O LEITOR ESCREVE
Belinati e MST
Ao prefeito Antonio Belinati. Aos homens públicos é exigido no mínimo conduta de magistrado, até mesmo nas divergências sociais. Nos casos em que o Estado de Direito é violentado, e por força dos próprios dispositivos constitucionais, se impõe o respeito à Carta Magna, sem se ficar adstrito às paixões políticas partidárias, ideológicas, sob pena de conspurcar a Constituição e as leis ordinárias. Portanto, sendo os produtores rurais os únicos que contribuem nesta área com impostos, fundo rural, taxas e ICMS, não é justo nem admissível que os invasores e, portanto, infratores sejam apoiados pelas infrações, invasões e violência que perpetram contra os produtores rurais. A imprensa publicou o apoio ostensivo que os sem-terra receberam de v.excia., prova de apoio e simpatia pela causa que poderá até ser justa, porém seus métodos injustos e reprovados, concluindo-se que o polo oposto, que são os produtores rurais, não desfrutem da mesma simpatia e apoio.
O que se quer é que v.exa. seja isento, conduta própria dos homens públicos. Os sem-terra deram as costas para a Comissão Conciliadora, composta do Ministério Público, Governo do Estado, Incra, Sem-terra e produtores rurais, porque preferem as invasões às marchas e à violência. Não querem terra. Estão em busca de conquistas políticas e ideológicas.
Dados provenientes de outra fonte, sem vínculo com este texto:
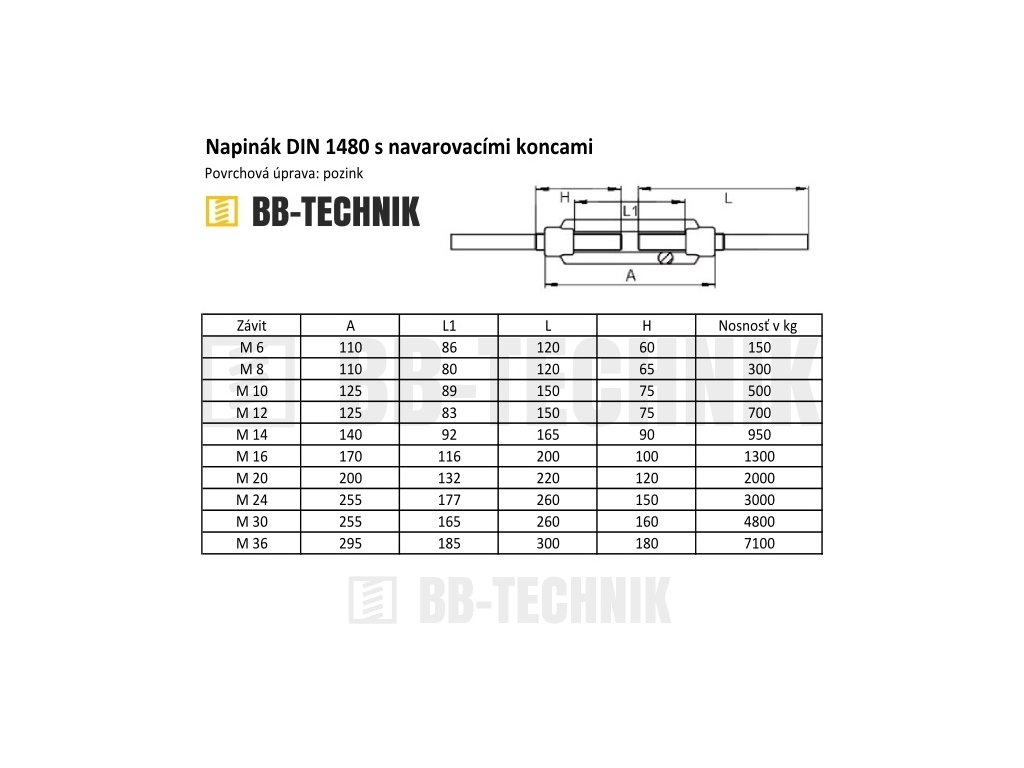 DIN 1480 M 10x125 ZN napínák s navarovacími svorníkmi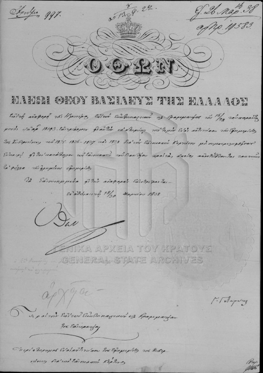 [Φάκελος] GRGSA-CSA_PAO013.S02.01.F001647 Φάκελος #1647 - Εφημερίς της Κυβερνήσεως [1838 - 1839] |

Receberam ingresso para o jogo do ‘Tubarão’, ônibus para o deslocamento, remédios, etc., enquando produtores rurais são onerados com notificações de cobrança de tributos. O tratamento é injusto e desigual. Queremos apenas a isenção imposta aos homens públicos e nada mais.
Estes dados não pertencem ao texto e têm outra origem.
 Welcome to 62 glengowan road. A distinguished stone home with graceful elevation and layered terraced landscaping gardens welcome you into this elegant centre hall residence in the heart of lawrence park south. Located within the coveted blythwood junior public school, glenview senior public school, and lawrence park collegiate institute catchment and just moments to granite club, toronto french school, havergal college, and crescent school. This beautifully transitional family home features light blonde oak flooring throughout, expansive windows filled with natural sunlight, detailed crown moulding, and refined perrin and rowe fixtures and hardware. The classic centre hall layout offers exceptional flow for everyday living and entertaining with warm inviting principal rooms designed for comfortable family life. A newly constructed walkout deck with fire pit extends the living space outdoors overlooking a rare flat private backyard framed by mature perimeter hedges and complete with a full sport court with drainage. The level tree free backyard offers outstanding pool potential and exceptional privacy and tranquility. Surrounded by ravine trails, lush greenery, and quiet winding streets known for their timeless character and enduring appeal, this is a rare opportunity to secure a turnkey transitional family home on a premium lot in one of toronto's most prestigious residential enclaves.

- SOCIEDADE RURAL DO PARANÁ, Luiz Roberto Neme, presidente; e Octávio Cesário Pereira Junior, presidente do Conselho Administrativo, Londrina
O prefeito Antonio Belinati responde:
Há alguns meses a Sociedade Rural do Paraná, sob a liderança do seu então presidente Manoel Campinha Garcia Cid, teve uma atitude inovadora e digna de elogio: levou agasalhos, alimentos e remédios para os sem-terra acampados em Tamarana. Posteriormente promoveu reunião no auditório da entidade, com a presença de lideranças dos sem-terra, Incra PR, prefeito de Londrina e diretores da Rural. Recentemente a marcha dos sem-terra passou por Londrina. Seus integrantes ficaram alojados no Palácio do Futsal e ganharam da SAL - Sociedade Amigos do Londrina (portanto, não da Prefeitura) ingressos para assistir ao jogo do Londrina contra o Náutico.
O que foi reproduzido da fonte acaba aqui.